THE DATA>
***
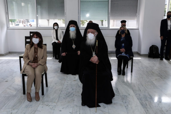 Την Πρόεδρο της Δημοκρατίας υποδέχθηκε στην είσοδο της Δομής ο Μακαριώτατος Αρχιεπίσκοπος Αθηνών και πάσης Ελλάδος κ. Ιερώνυμος, τον οποίο πλαισίωναν ο πρόεδρος της «ΣΥΝΥΠΑΡΞΙΣ» Μητροπολίτης Ιλίου, Αχαρνών και Πετρουπόλεως κ. Αθηναγόρας και ο Μητροπολίτης Νικαίας κ. Αλέξιος.
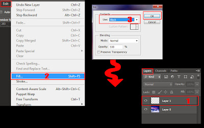 2. Create a new layer on the Layers panel: Shift + Ctrl + N. Select the Edit drop-down menu < Fill. Choose Black in the Fill window.
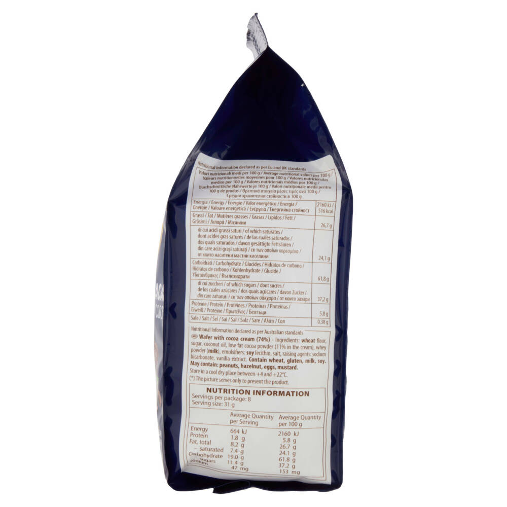 Farina di grano tenero Zucchero Olio di cocco Cacao magro in polvere (11% nella crema) Siero di latte in polvere Emulsionanti: lecitina di soia Sale Agenti lievitanti: carbonato acido di sodio Estratto di vaniglia Può contenere arachidi, frutta a guscio, uova e senape
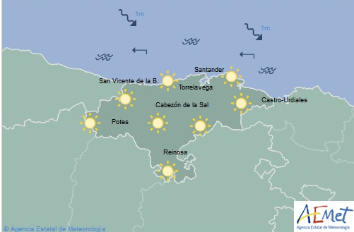 Temperaturas máximas y mínimas previstas: Cabezón de la Sal, 17 y 6 grados; San Vicente de la Barquera, 15 y 5; Santander, 14 y 3; Castro Urdiales, 15 y 7; Potes, 20 y 0; Reinosa, 18 y 1; y Torrelavega, 16 y 5 grados.
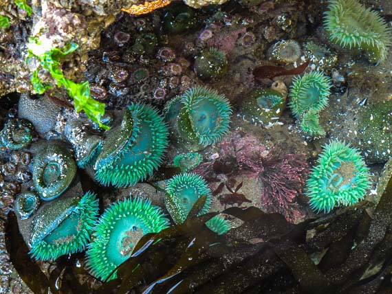 Haystack Rock's tide pools are resplendent in green.
***
AIM OF THE TASK> Starting at the line that contains "Temperaturas máximas y" and ending with the last line of the data, transcribe every line exactly; skip the pictures.

REPLY>
 Temperaturas máximas y mínimas previstas: Cabezón de la Sal, 17 y 6 grados; San Vicente de la Barquera, 15 y 5; Santander, 14 y 3; Castro Urdiales, 15 y 7; Potes, 20 y 0; Reinosa, 18 y 1; y Torrelavega, 16 y 5 grados.
 Haystack Rock's tide pools are resplendent in green.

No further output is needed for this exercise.